Restate each line below word for word, skipping every picture.
─── RECORDS FOR THIS TASK
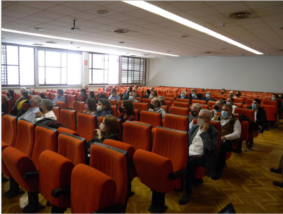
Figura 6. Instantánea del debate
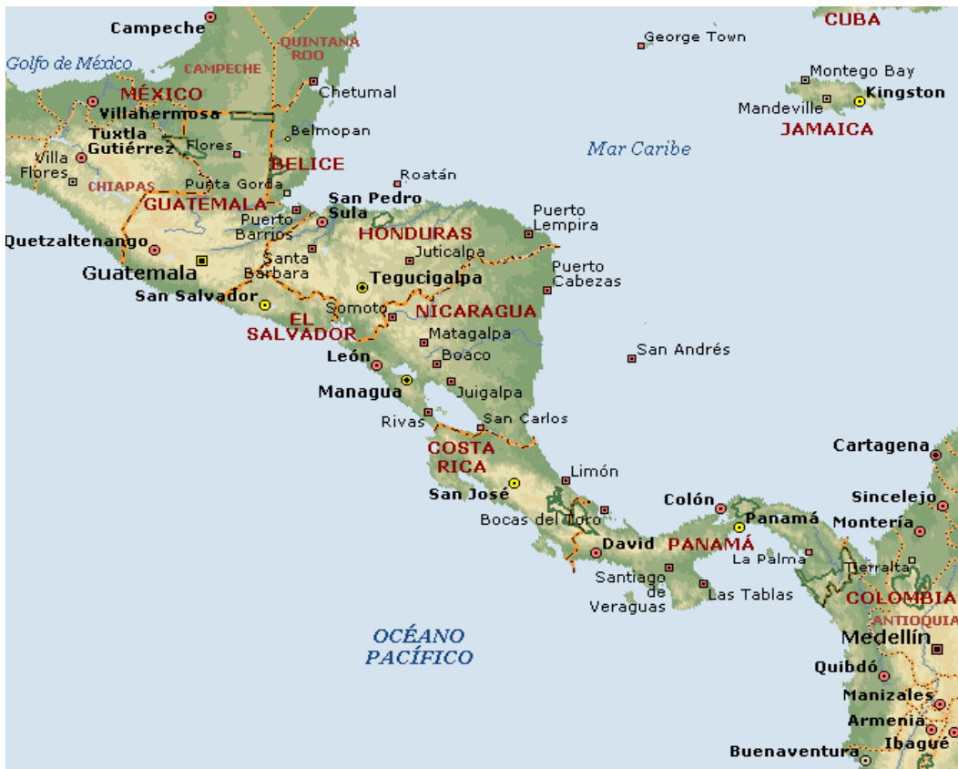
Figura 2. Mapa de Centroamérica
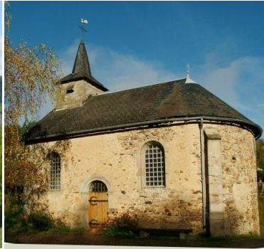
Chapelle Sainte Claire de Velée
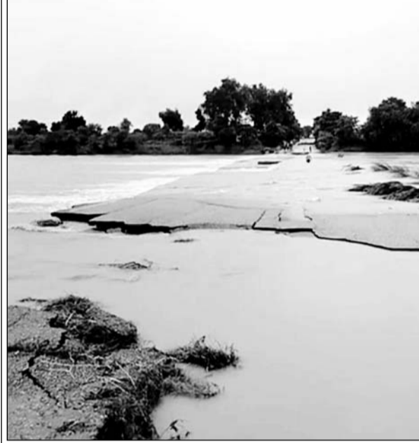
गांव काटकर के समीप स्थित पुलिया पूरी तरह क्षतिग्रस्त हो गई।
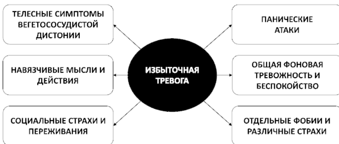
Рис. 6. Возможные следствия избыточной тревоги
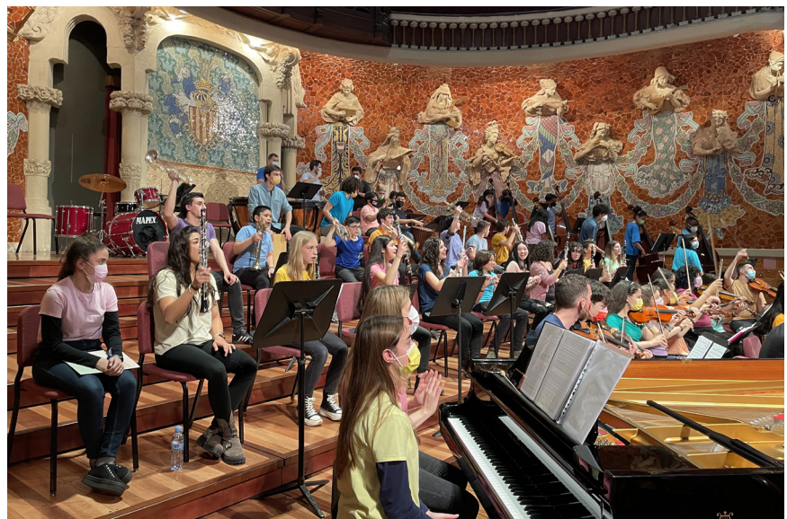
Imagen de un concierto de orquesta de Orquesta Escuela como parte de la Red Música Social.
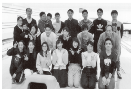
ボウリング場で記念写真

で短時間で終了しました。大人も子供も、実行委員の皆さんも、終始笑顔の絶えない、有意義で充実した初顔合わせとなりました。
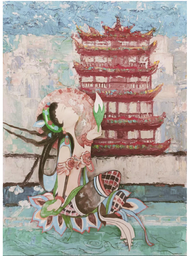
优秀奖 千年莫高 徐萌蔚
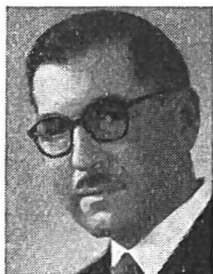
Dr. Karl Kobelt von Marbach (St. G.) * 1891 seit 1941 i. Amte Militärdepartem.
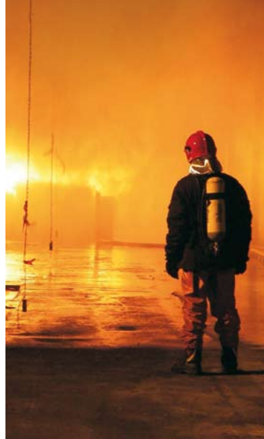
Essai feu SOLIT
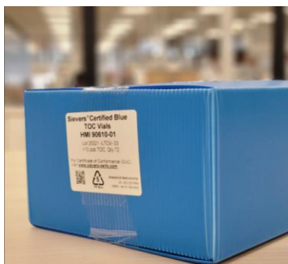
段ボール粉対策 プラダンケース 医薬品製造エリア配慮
──────
— RESPONSE —
Figura 6. Instantánea del debate
Figura 2. Mapa de Centroamérica
Chapelle Sainte Claire de Velée
गांव काटकर के समीप स्थित पुलिया पूरी तरह क्षतिग्रस्त हो गई।
Рис. 6. Возможные следствия избыточной тревоги
Imagen de un concierto de orquesta de Orquesta Escuela como parte de la Red Música Social.
ボウリング場で記念写真

で短時間で終了しました。大人も子供も、実行委員の皆さんも、終始笑顔の絶えない、有意義で充実した初顔合わせとなりました。
优秀奖 千年莫高 徐萌蔚
Dr. Karl Kobelt von Marbach (St. G.) * 1891 seit 1941 i. Amte Militärdepartem.
Essai feu SOLIT
段ボール粉対策 プラダンケース 医薬品製造エリア配慮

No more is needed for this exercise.